§ **Task to complete**
Return each entry word for word, without its pictures.
========
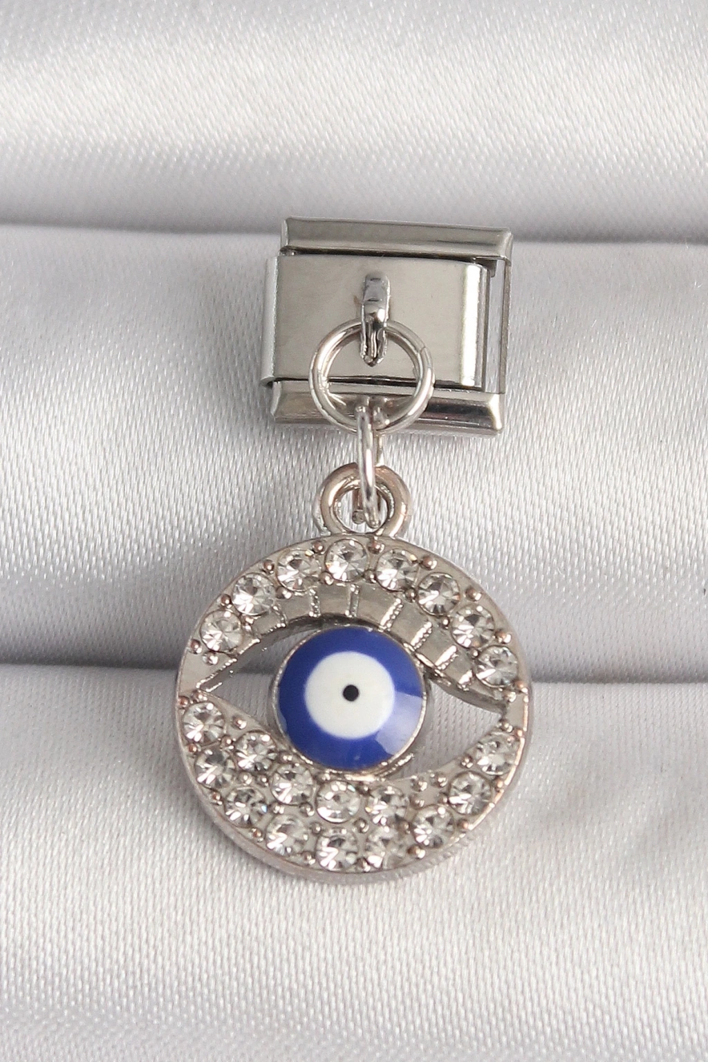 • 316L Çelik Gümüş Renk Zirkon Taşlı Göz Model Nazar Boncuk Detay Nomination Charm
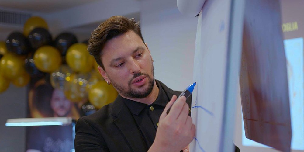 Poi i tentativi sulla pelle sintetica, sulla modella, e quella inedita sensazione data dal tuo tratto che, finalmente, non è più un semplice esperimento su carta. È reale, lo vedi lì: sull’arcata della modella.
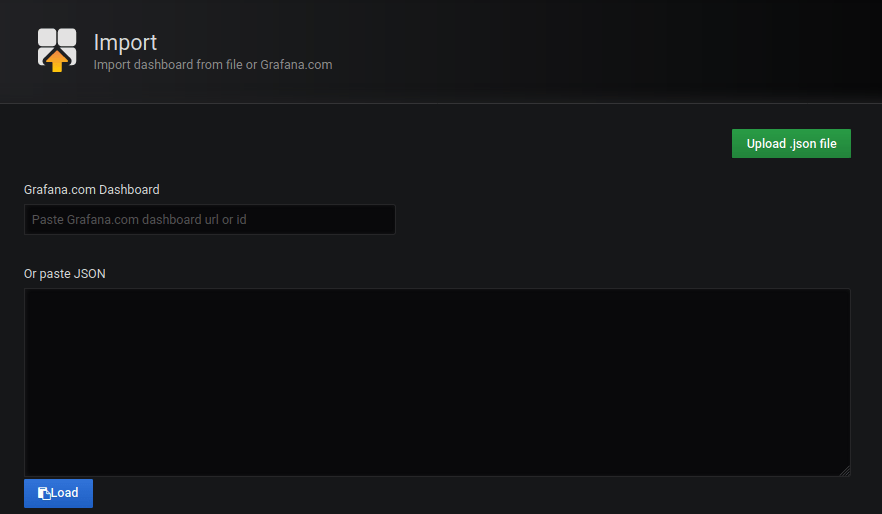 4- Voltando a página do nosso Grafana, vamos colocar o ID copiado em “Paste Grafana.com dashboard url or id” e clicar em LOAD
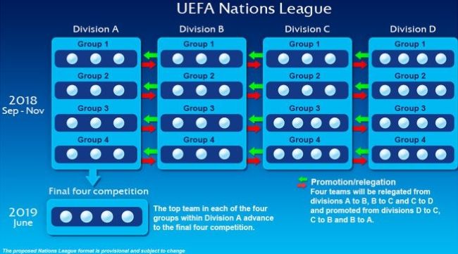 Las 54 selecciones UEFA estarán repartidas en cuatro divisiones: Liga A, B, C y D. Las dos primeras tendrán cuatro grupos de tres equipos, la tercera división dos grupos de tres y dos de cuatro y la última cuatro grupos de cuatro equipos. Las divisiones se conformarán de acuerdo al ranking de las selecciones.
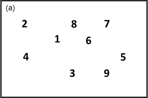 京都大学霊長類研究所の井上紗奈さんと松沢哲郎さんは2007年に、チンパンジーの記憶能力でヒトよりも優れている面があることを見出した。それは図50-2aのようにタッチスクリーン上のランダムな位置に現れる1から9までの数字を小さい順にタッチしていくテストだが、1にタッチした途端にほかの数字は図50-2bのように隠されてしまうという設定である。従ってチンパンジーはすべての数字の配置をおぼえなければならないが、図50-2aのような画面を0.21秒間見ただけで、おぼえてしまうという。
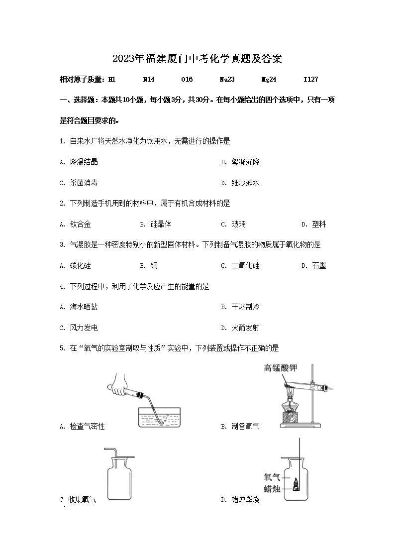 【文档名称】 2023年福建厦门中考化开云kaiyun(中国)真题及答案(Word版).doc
========
§ **Written answer**
 • 316L Çelik Gümüş Renk Zirkon Taşlı Göz Model Nazar Boncuk Detay Nomination Charm
 Poi i tentativi sulla pelle sintetica, sulla modella, e quella inedita sensazione data dal tuo tratto che, finalmente, non è più un semplice esperimento su carta. È reale, lo vedi lì: sull’arcata della modella.
 4- Voltando a página do nosso Grafana, vamos colocar o ID copiado em “Paste Grafana.com dashboard url or id” e clicar em LOAD
 Las 54 selecciones UEFA estarán repartidas en cuatro divisiones: Liga A, B, C y D. Las dos primeras tendrán cuatro grupos de tres equipos, la tercera división dos grupos de tres y dos de cuatro y la última cuatro grupos de cuatro equipos. Las divisiones se conformarán de acuerdo al ranking de las selecciones.
 京都大学霊長類研究所の井上紗奈さんと松沢哲郎さんは2007年に、チンパンジーの記憶能力でヒトよりも優れている面があることを見出した。それは図50-2aのようにタッチスクリーン上のランダムな位置に現れる1から9までの数字を小さい順にタッチしていくテストだが、1にタッチした途端にほかの数字は図50-2bのように隠されてしまうという設定である。従ってチンパンジーはすべての数字の配置をおぼえなければならないが、図50-2aのような画面を0.21秒間見ただけで、おぼえてしまうという。
 【文档名称】 2023年福建厦门中考化开云kaiyun(中国)真题及答案(Word版).doc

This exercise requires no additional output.